[Records contained in a dataset]
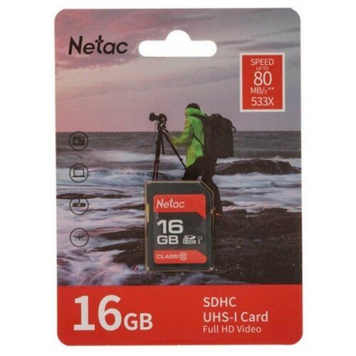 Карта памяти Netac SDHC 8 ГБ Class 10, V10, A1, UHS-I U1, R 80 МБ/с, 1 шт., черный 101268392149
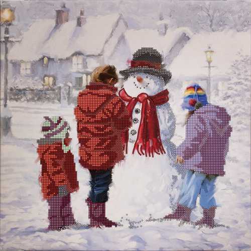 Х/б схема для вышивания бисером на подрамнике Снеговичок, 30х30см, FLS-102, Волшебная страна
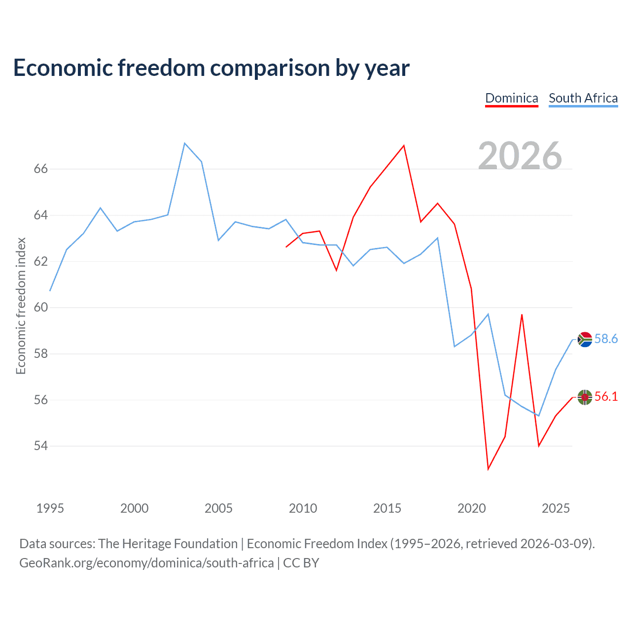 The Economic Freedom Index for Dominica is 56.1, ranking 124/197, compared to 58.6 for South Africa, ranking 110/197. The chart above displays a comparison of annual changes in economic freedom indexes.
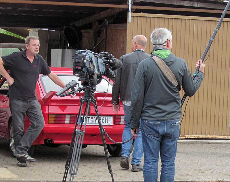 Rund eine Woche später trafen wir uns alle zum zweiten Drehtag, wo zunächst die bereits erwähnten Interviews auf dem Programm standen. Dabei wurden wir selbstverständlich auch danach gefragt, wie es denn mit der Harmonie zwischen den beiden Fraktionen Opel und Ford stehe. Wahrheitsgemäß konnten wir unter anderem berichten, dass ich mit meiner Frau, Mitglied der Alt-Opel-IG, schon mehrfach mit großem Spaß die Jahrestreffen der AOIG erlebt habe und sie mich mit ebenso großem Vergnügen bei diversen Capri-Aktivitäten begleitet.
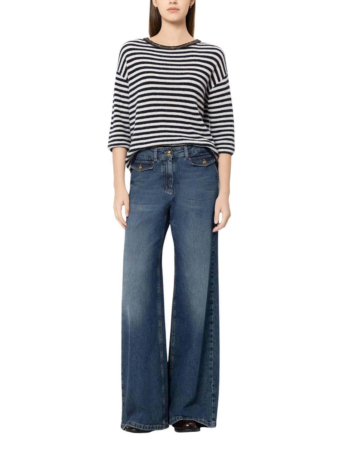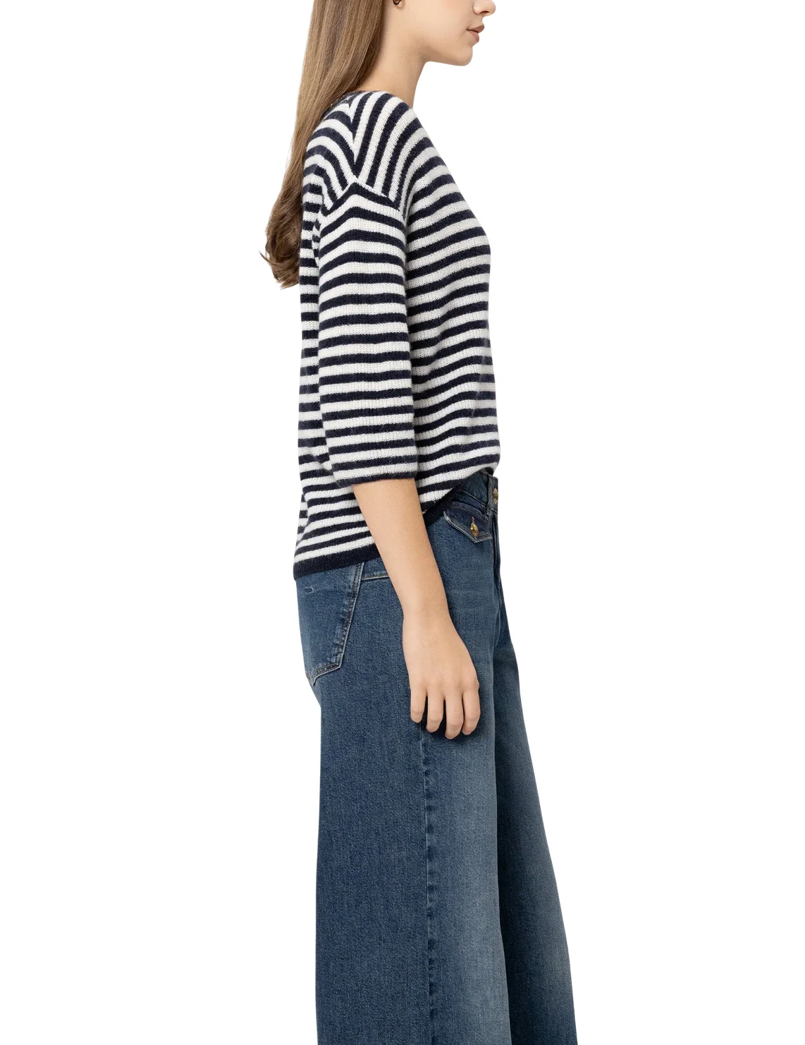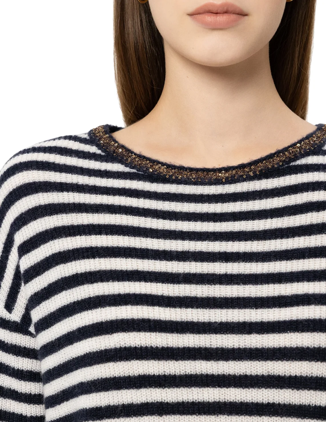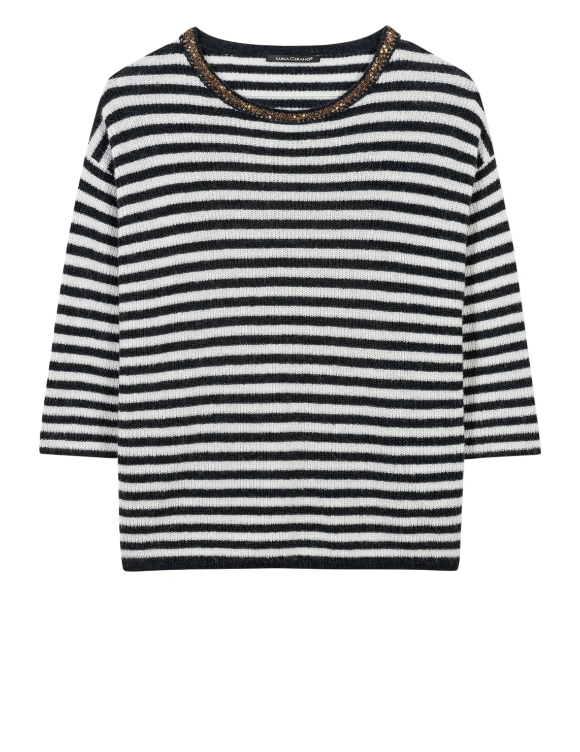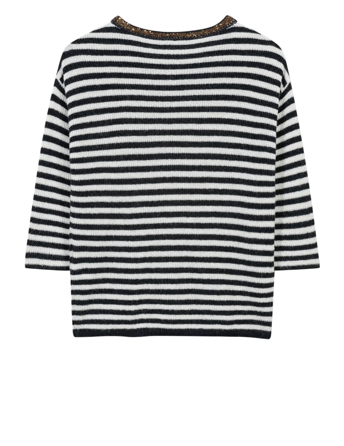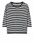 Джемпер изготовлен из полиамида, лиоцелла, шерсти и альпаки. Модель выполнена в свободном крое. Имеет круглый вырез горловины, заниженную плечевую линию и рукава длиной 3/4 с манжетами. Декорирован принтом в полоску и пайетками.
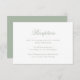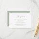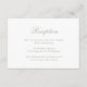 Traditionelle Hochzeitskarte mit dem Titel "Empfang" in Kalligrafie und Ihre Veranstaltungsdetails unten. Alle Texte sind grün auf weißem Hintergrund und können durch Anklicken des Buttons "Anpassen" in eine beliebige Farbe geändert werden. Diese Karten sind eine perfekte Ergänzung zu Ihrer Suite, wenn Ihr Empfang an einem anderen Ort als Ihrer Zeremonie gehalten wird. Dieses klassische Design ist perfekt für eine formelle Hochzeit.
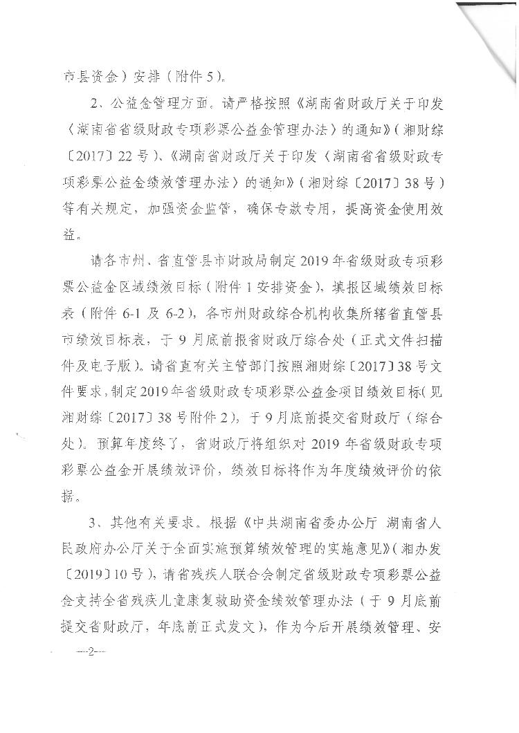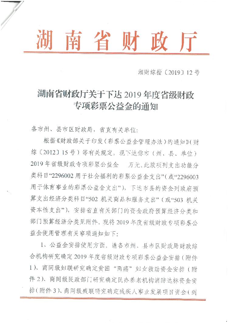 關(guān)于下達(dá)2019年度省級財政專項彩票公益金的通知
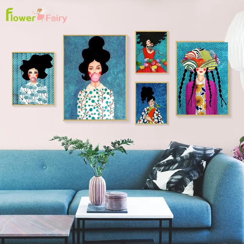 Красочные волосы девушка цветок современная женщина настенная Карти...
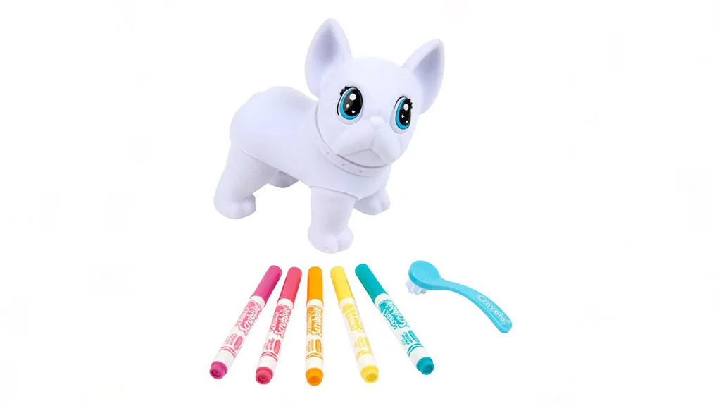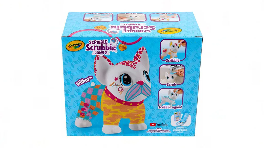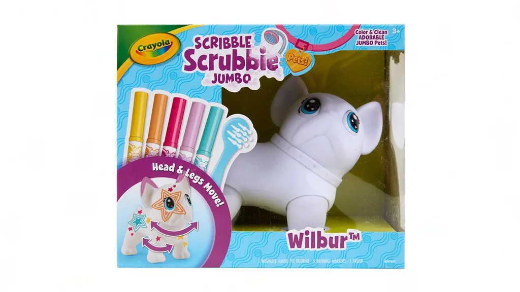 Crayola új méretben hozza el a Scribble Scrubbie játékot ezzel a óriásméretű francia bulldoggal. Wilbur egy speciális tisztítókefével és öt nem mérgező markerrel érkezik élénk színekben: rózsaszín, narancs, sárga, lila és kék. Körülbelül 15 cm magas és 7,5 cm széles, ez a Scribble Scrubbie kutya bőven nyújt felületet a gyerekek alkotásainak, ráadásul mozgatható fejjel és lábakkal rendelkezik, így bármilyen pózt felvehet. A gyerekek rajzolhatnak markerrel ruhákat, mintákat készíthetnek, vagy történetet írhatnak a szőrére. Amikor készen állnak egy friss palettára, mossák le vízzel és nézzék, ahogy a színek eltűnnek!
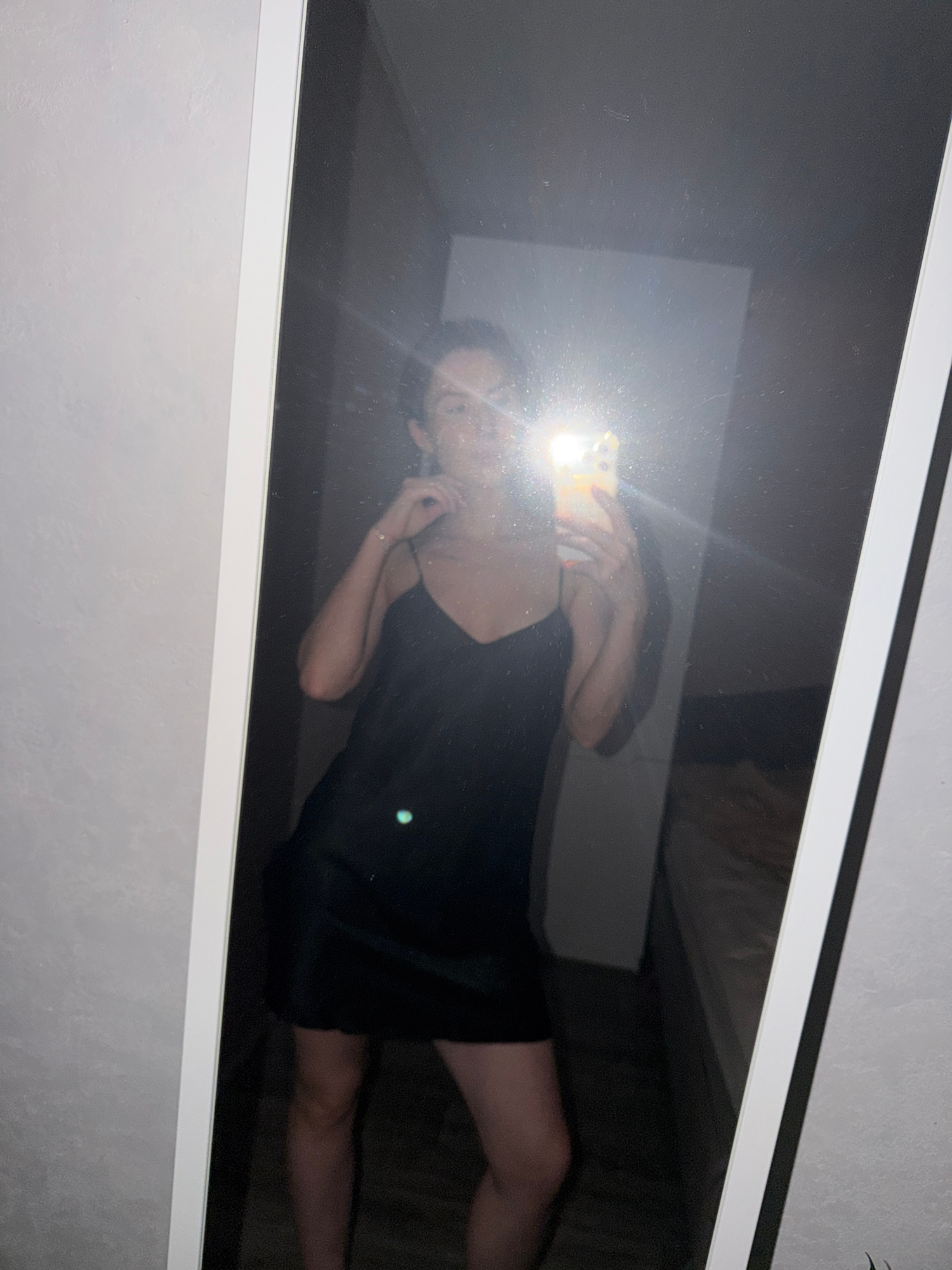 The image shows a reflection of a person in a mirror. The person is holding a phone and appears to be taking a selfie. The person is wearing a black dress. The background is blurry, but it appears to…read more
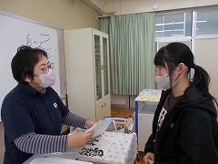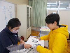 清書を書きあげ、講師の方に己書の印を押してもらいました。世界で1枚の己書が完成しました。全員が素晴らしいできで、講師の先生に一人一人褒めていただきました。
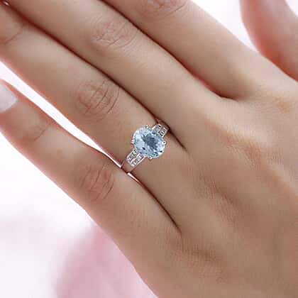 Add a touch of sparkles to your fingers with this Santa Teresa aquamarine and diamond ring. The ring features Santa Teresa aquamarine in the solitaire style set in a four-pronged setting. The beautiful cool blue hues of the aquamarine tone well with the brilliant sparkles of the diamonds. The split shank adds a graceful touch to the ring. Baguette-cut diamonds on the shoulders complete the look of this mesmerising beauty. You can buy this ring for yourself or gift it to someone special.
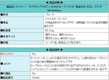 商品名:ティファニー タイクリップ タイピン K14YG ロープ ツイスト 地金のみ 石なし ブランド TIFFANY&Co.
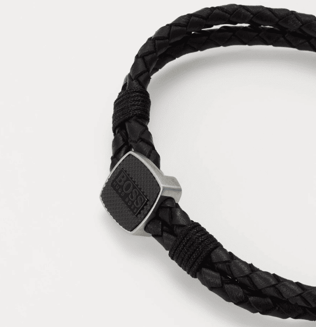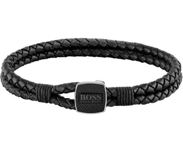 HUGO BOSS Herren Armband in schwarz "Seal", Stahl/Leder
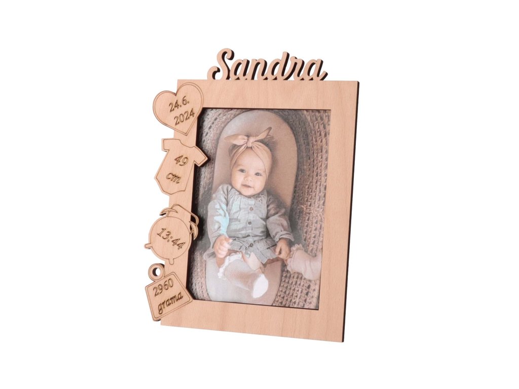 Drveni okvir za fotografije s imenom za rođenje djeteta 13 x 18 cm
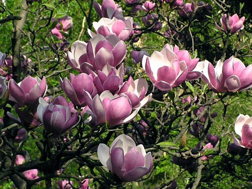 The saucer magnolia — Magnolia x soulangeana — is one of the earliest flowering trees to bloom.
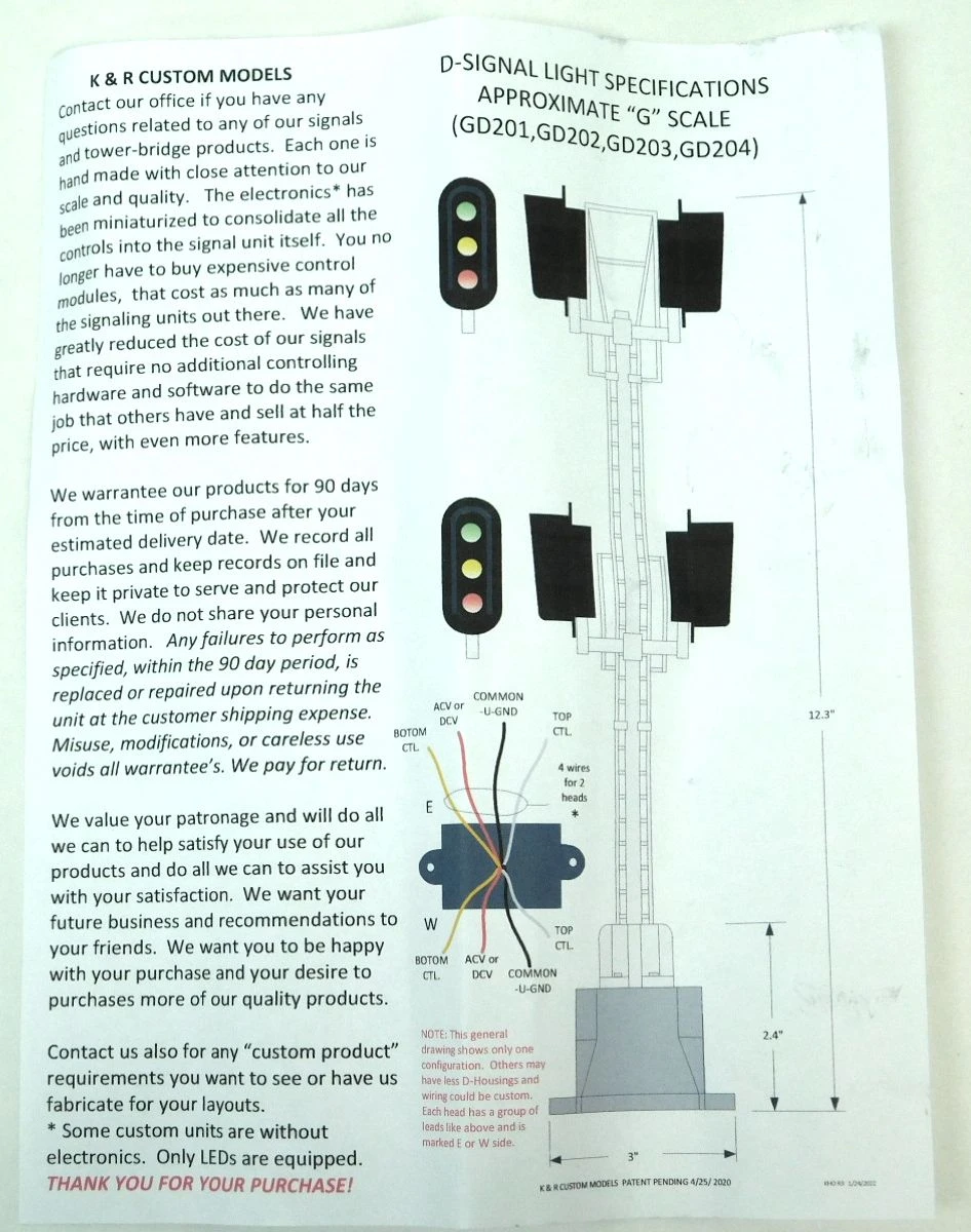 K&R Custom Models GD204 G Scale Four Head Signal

§ **Work order**
In the records above, find the line with "清書を書きあげ、講師の方に己" and copy from it through the last line exactly, without the pictures.

§ **Task answer**
 清書を書きあげ、講師の方に己書の印を押してもらいました。世界で1枚の己書が完成しました。全員が素晴らしいできで、講師の先生に一人一人褒めていただきました。
 Add a touch of sparkles to your fingers with this Santa Teresa aquamarine and diamond ring. The ring features Santa Teresa aquamarine in the solitaire style set in a four-pronged setting. The beautiful cool blue hues of the aquamarine tone well with the brilliant sparkles of the diamonds. The split shank adds a graceful touch to the ring. Baguette-cut diamonds on the shoulders complete the look of this mesmerising beauty. You can buy this ring for yourself or gift it to someone special.
 商品名:ティファニー タイクリップ タイピン K14YG ロープ ツイスト 地金のみ 石なし ブランド TIFFANY&Co.
 HUGO BOSS Herren Armband in schwarz "Seal", Stahl/Leder
 Drveni okvir za fotografije s imenom za rođenje djeteta 13 x 18 cm
 The saucer magnolia — Magnolia x soulangeana — is one of the earliest flowering trees to bloom.
 K&R Custom Models GD204 G Scale Four Head Signal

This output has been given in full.